Wilson rubbed the bridge of his nose. “Sure, I remember him. He came to see me when I was in the hospital out in Texas. We compared scars.”

“He liked you okay.”

“I liked him.”

Vaughn radiated annoyance. It did not matter to him who Wilson liked. “What I mean is, you made a good impression on him. He's the assistant S.A. out there in Nashville. You knew that, didn't you?”

“Right.” He hadn't.

“He wants to use you.”

“In Tennessee?”

“You got something against Tennessee?”

Wilson knew as little about Tennessee as anyone else in southern California, but he was pretty sure he would have a lot against it once he got out there. Clearly, he was being transferred. His first thought was of Sel. He didn't think she'd really grasped the concept that a federal job in law enforcement equals relocation. Wilson had only lately been working up the courage to ask her to move in. It might be a better idea to marry her. Although marriage was an option Wilson had given very little thought to, this was Sel, and he might like to marry her either way.

“Agent McCoy, are you with me here?”

Wilson shrugged. “I don't know that much about the South. Just that it's the Bible Belt—guns and Moses. I take it I'm being transferred?”

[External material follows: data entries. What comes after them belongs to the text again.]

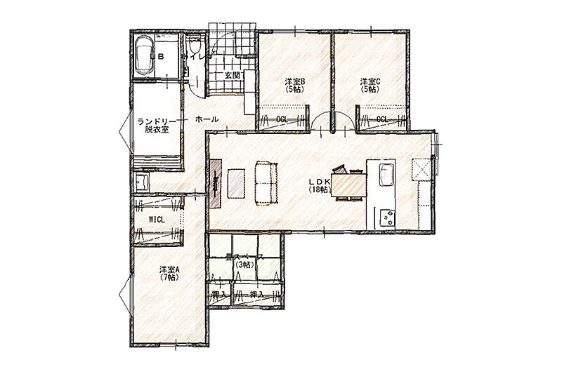 | 間取り | 3LDK+畳スペース | 建物構造 | 木造1階建(軸組工法) |
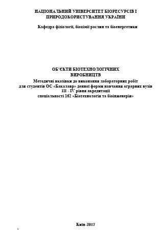Об'єкти біотехнологічних виробицтв / Бабицький А.І., Дрозд П.Ю. К.: НУБіП України, 2017 р. - 35 с.
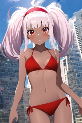 masterpiece, best quality, A kawaii cute little girl, elf ears, blonde hair, {{{{two side up}}}}, {{{{{orange bobbles}}}}}, orange eyes, high-waist shorts, {{{gym shorts}}}, {{{red shorts}}}, gym uniform, walking, {{{flat chest}}}, {{{{{topless}}}}}, nsfw, {{{{barefoot}}}}, indoor, {{{school corridor}}}
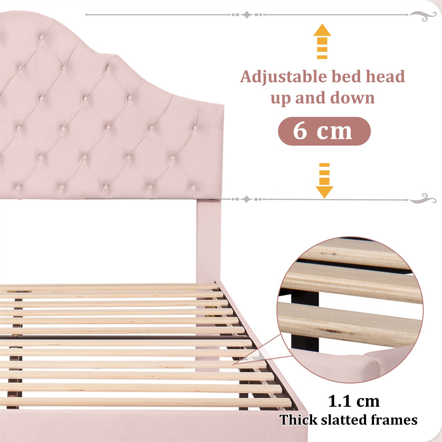 4ft6 Double Size Bed Frame Velvet Upholstered Platform Bed with Headboard Pink
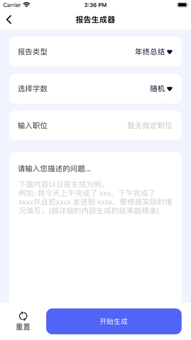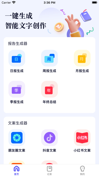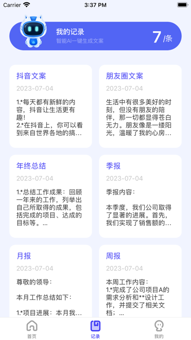 一、简介 文案生成宝是一款旨在通过AI技术为用户提供高质量、多样化且富有创意的文案。无论您需要撰写日报、周报、年终总结以及朋友圈文案等,文案生成宝都能够帮助您快速完成任务,提高工作效率。 二、主要功能 多类型文案生成:支持各种类型的文案生成,包括广告、标语、社交媒体、博客文章、产品描述、邮件、活动邀请等。 风格类型自由切换:用户可根据需求选择不同的文案风格和类型,如正式、幽默、引人入胜、情感化等,以满足不同场景的需求。 一键生成文案:通过输入简单描述,文案生成器将为您生成富有创意和吸引力的顶级文案。 模板库:提供丰富的预设模板,涵盖各行各业,方便用户根据需求快速选择和修改。 实时查看:生成文案后,用户可通过历史随时查看回顾文案,也可通过复制重复使用。 付费说明: 付款:确认购买并付款后,会从您的苹果iTunes账户扣费; 取消续订:如需取消续订,请在当前订阅周期到期前24小时,在iTunes/Apple ID设置管理中关闭,关闭后不再扣费; 续费会员:苹果iTunes账户会在到期前24小时内扣费,扣费成功后订阅周期顺延一个订阅周期,永久会员套餐无续费功能。 隐私协议:https://sparkly-narwhal-fdd.notion.site/21fa3df579d3805a99d5fe73c9b584a0?source=copy_link 用户协议:https://sparkly-narwhal-fdd.notion.site/21fa3df579d380878c91c6fb035a6e28?source=copy_link 会员续费服务协议:https://sparkly-narwhal-fdd.notion.site/21fa3df579d38058ae5dd332c1698574?source=copy_link修复生成文案字数相差较多的问题; 一些细节修改,提升用户体验。
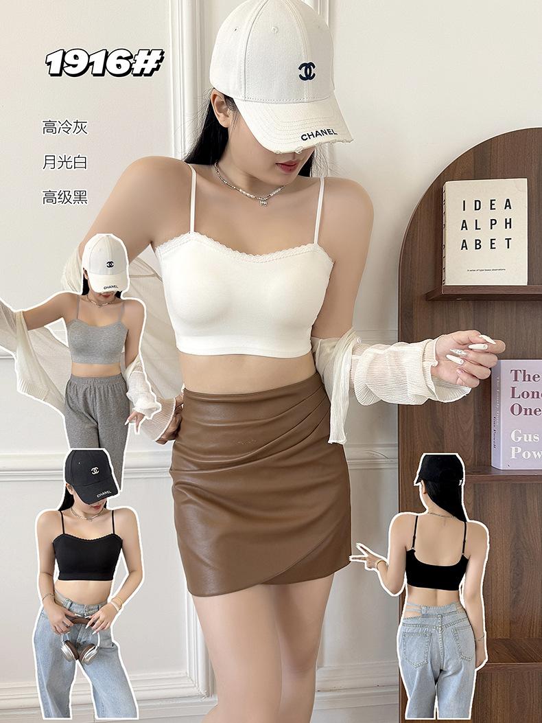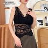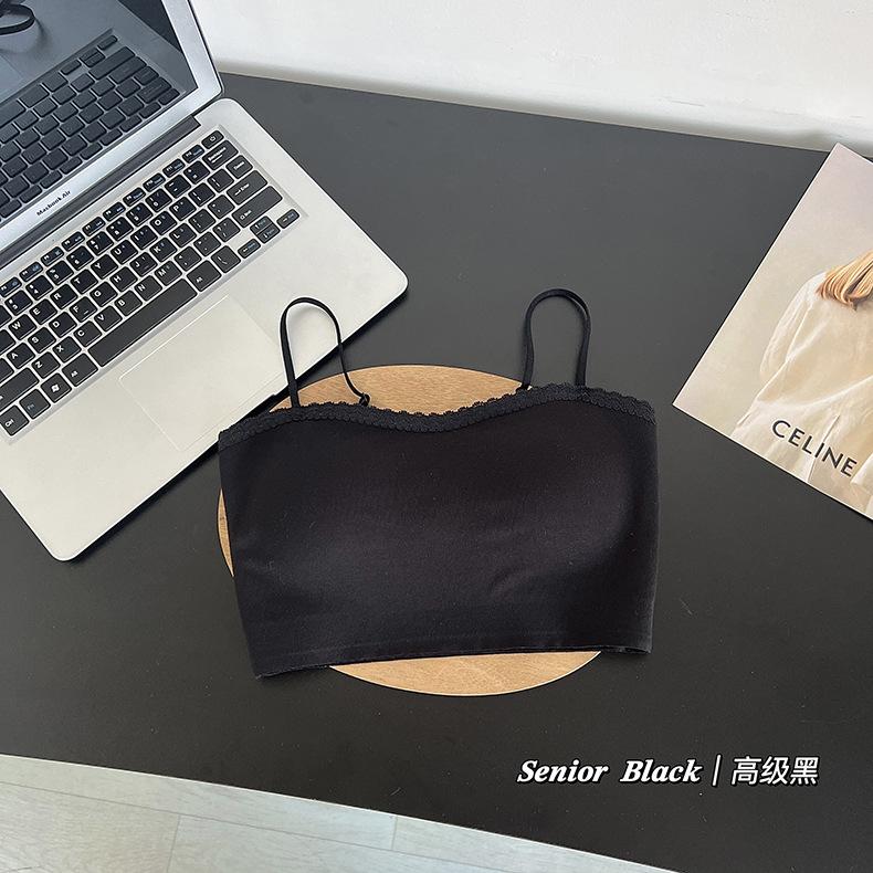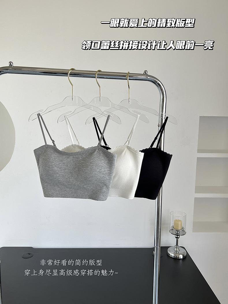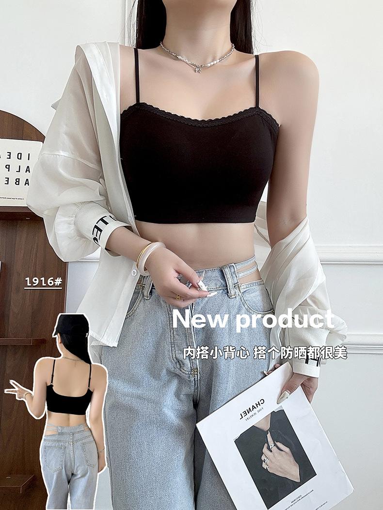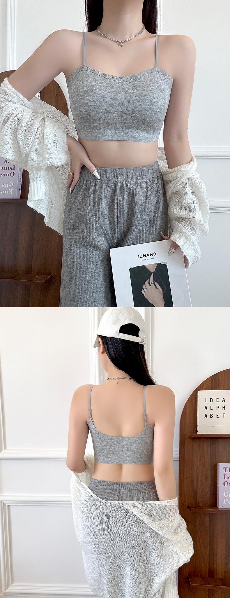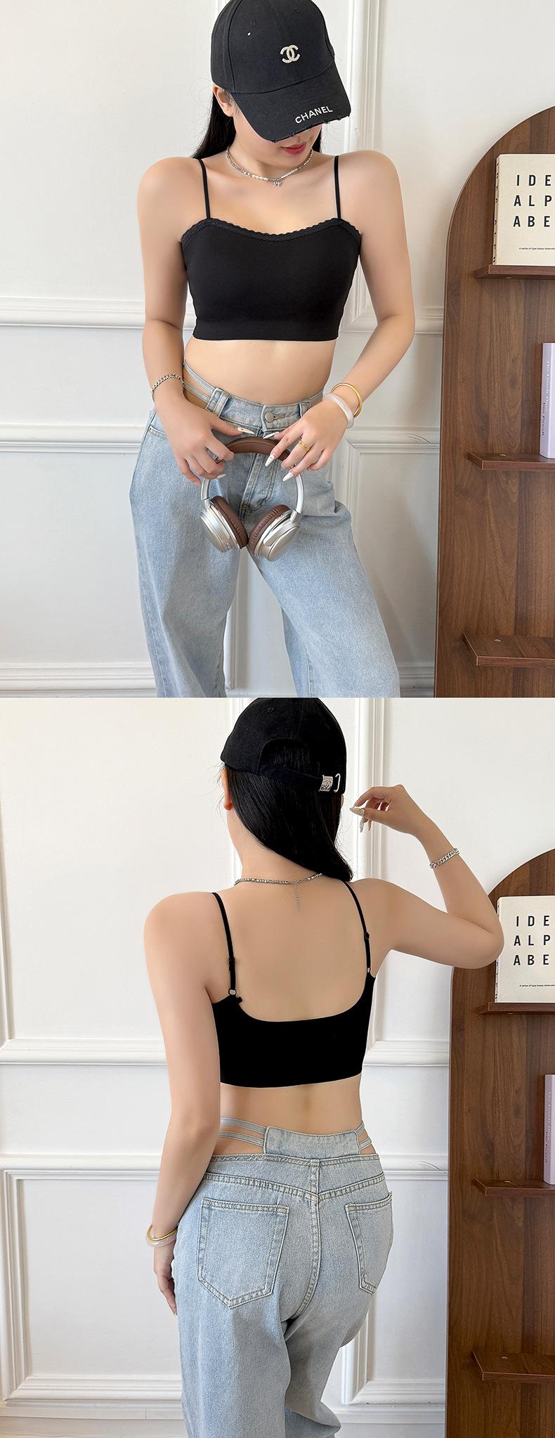 Sexy tirante con encaje de cuello en V, espalda hermosa envolvente para el pecho, sin aro de acero, copa fija, soporte superior recogido, chaleco sin costuras para mujer
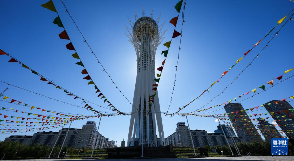 ▲哈萨克斯坦阿斯塔纳的巴伊杰列克观景塔。新华社记者 王建华 摄
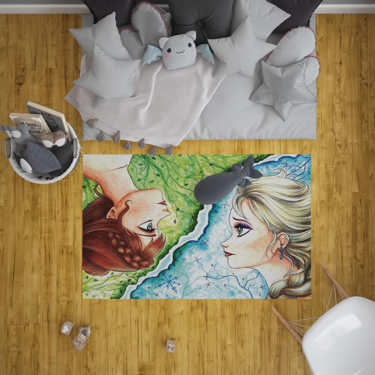 فرشینه مخمل ضد حساسیت اتاق کودک طرح السا و انا کد h 366 - فرش چاپی اتاق کودک
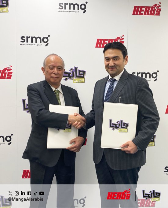 أعلنت مانجا العربية إحدى شركات المجموعة السعودية للأبحاث والإعلام (SRMG)، في إطار إستراتيجيتها الرامية إلى تقديم محتوى يواكب تطلعات جمهور القصص المصورة في العالم العربي، عن توقيعها اتفاقية تعاون مع شركة هيروز اليابانية، إحدى الشركات الرائدة في مجال نشر وإنتاج فن المانجا، وبموجبها ستقوم مانجا العربية بترخيص وترجمة ونشر عدد من أبرز أعمال المانجا اليابانية العالمية باللغة العربية.

Vaughn shook his head. “Temporary assignment.”

Gun shows and flea markets
, Wilson thought, immediately followed by
Why me?

“It's not gun shows and flea markets, if that's what you're thinking.” Vaughn leaned back in his chair. “Son, I guess you know I've had my doubts about you. You don't act like the kind of agent I'm used to, but I've developed a lot of confidence in you.”

This was news to Wilson. He was pretty sure it was news to Vaughn, too, but Chesterfield was a company man and if the job required a temporary respect for Wilson McCoy, he'd have it.

“I think you handled that Waco business pretty well—”

Wilson looked away. “Handled well” and “Waco” were two phrases he'd never thought to hear in the same sentence.

“You've been slogging along in the trenches, doing a lot of sideline work since you got hurt out there, and I haven't heard word one of complaint.”

Wilson looked the man in the eye. They both knew that Chesterfield had been giving him low-end assignments, and that the only reason Wilson did anything halfway interesting was because he drummed up the business on his own. But then, that was how ATF operated anyway. No initiative, no career.

“I think Alex has a point. A guy like you, kind of different from the average federal bear, can have an advantage in certain situations. And we've got a situation.”

A situation
. Two magic words. Wilson was newly alert to Vaughn's tone of voice and he felt a tiny jab of excitement at the base of his spine.
Hallelujah mama, let's hope this is good
. As soon as Vaughn started talking, Wilson realized how good.

“You ever hear any whispers about a guy called Rodeo?”

Wilson maintained a blank look, something he was good at. Yes, he had heard, just a hint, but he had no intention of admitting what he'd heard or from whom. In the aftermath of the Waco disaster and the finger-pointing, there was a brother- and sisterhood between the ATF agents who'd been there, the bond impenetrable, unspoken, permanent. And strictly out of any official influence. They watched each other's backs from every direction, including the “friendlies.”

“No? I thought maybe you had. We're fairly certain we've got an assassin at work. As a matter of fact, at this point we're sure.”

“An assassin? Who are his targets, sir?”

“His targets are agents—ATF and FBI.”

“FBI?”

“Yeah, FBI. And the targets all have one thing in common.”

“Waco?” Wilson had heard the rumors, dropped in his lap as a faint but possible warning, but had put it down to paranoia. Two agents murdered in the last eight years—bad, but not a trend. Unless you added dead agents from the FBI. That might be a trend.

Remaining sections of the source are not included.